From Magnum. I should have decanted this for about 5-6 hours. Upon opening, it was a bit acidic but did have some underlying fruit. After 1-2 hours, it started opening up. The acid approached some balance and the muted fruit showed a bit more. Plum, cranberry and some black fruits. It married well with food. Have one Mag left and when I open will try a longer decant.
Had some VA on the nose initially, but that blew off after about 30 minutes. Pleasantly brickish in color, not too brown--surprisingly dark for a 12-year-old Pinot. Brambly huckleberry and plum fruit, some mossiness. More Burgundian in character than Oregonian. Initially I was impressed with a balance in fruit, acid and tannin, but tannin is definitely the weaker quality and the acid began to take over in a couple hours.

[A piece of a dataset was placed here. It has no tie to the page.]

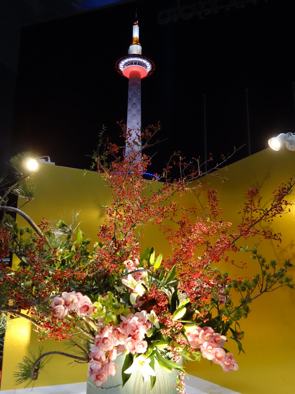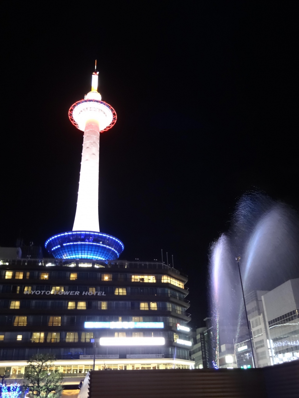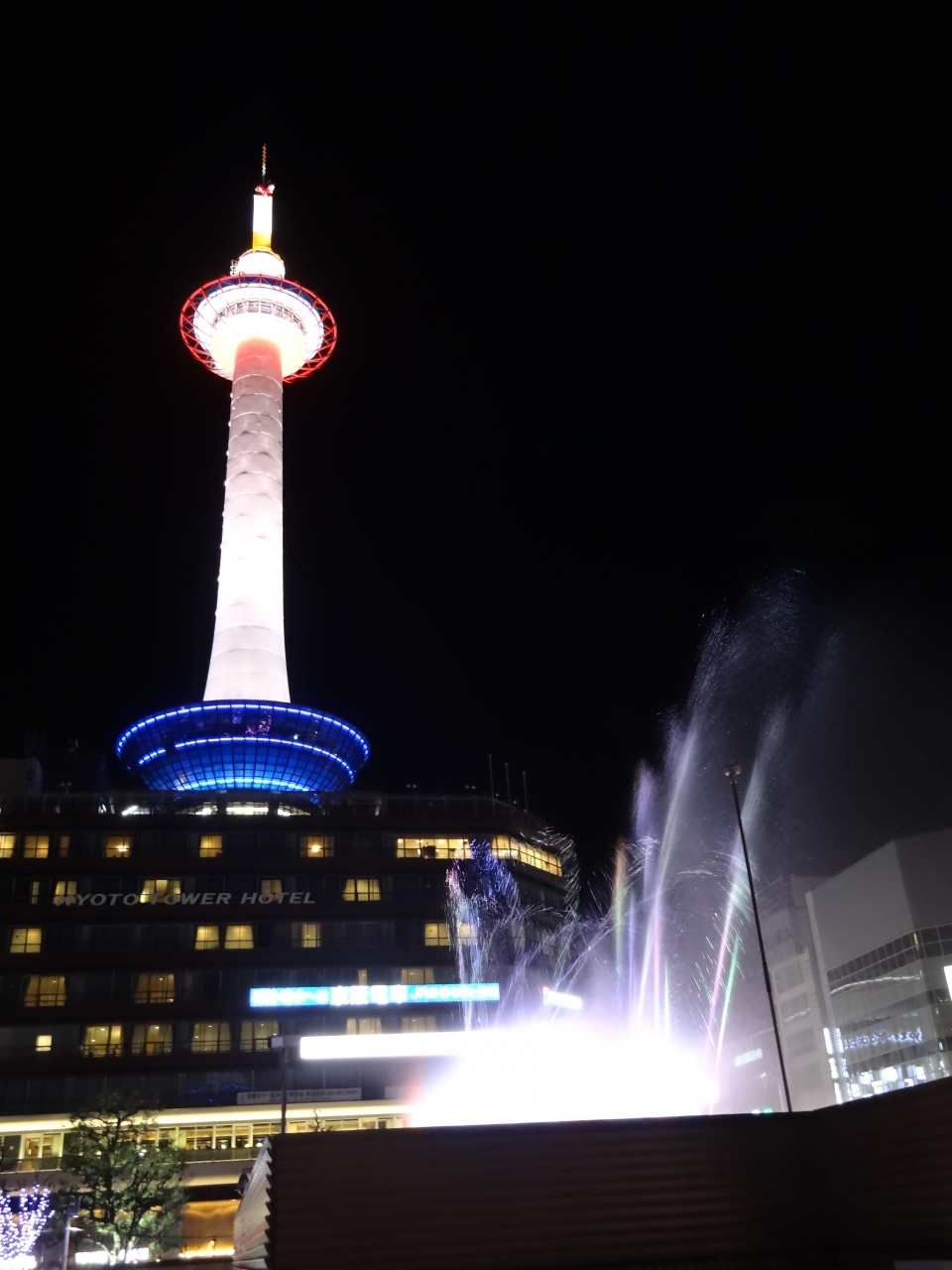 18きっぷ旅の定番となった京都。駅から一番目立つのは京都タワー。今までは、明るいうちに見ていたタワーは、この日は年末、しかも、駅前広場の木々はイルミネーションアップ中。タワーもライトアップされてピンクやオレンジ色に染まっています。広場にある噴水からシャワーが上がると同時に華やかな音楽が流れてきます。音楽に合わせて噴水のシャワーが踊ります。それに合わせるかのように、ライトアップされたタワーが一緒に戯れているかのよう。素晴らしい景色でした。Aqua Fantasyが終わっても、駅構内では生け花の展示がされていて、豪華な生け花を遠景にタワーを置いて撮影。華やかな写真が撮れて満足しました。

Unlike the 95, which was poured next to this, the 96 is significantly fuller and fatter. Slight kirsch elements and a clear and perplexing sunflower seed note. It was uncanny how this wine smelled like a pet store (seeds and cat food). Light body in the mouth, with a short finish. Drinking at it’s best after 20 minutes, where it stayed for several hours. Stylistically, this wine doesn’t really do much for me and it has gone down hill from my previous tasting several years ago.

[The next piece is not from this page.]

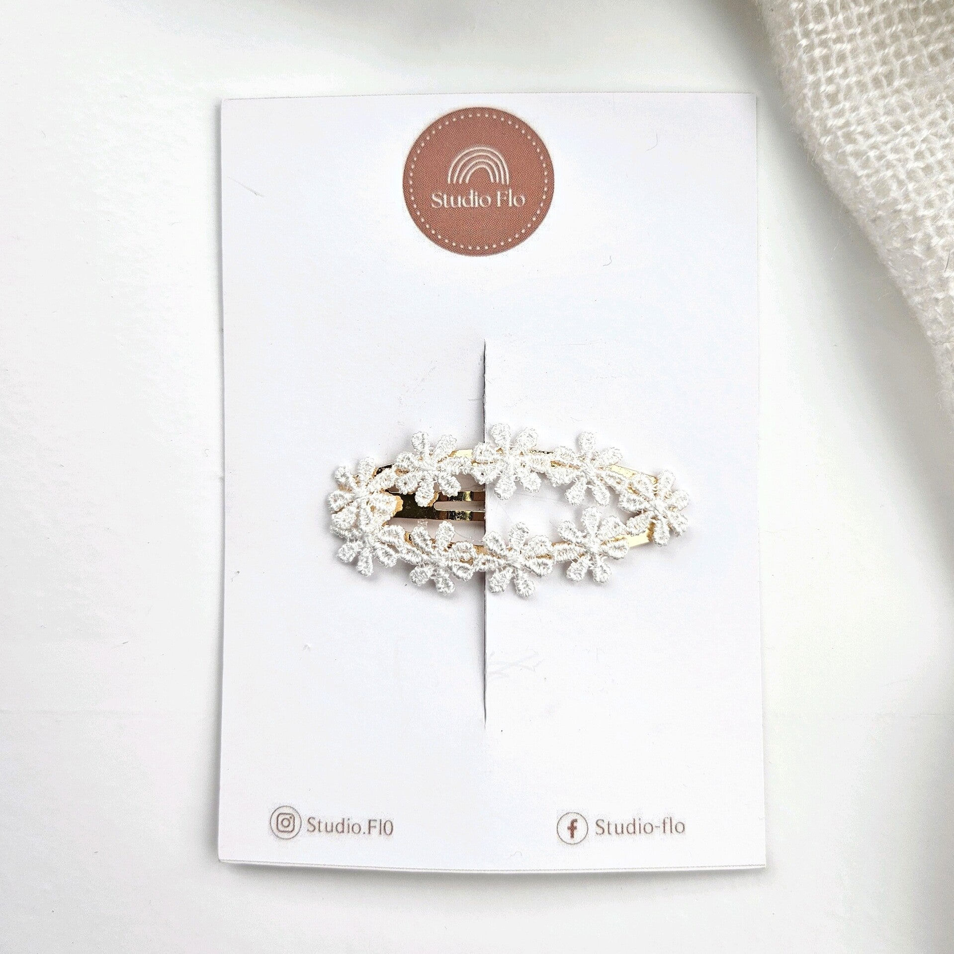 Gouden klikklakspeldje van 6 cm met witte bloemetjes applicatie.

Truffle Dinner, Pinot Tasting, and Piemonte (3x DRC, 2x Gaja, and more): Lightish red tending toward orange at the rim. The nose shows sour cherry, mushroom, a jarring note of tin, and a pleasant whiff of washed rind cheese. Wait a minute, I think there's a note of VA here, though I can't be sure. In just a flash, the VA note turns to freshly polished old mahogony. On the palate, this is drying up. It shows a light dose of simple plum and cherry fruit, then moves into a short but bright finish. This has good structural balance, but is missing fruit. I am told that this was sweeter and deeper before decanting. Was promising on the nose but has clearly gotten a good start on the slide down.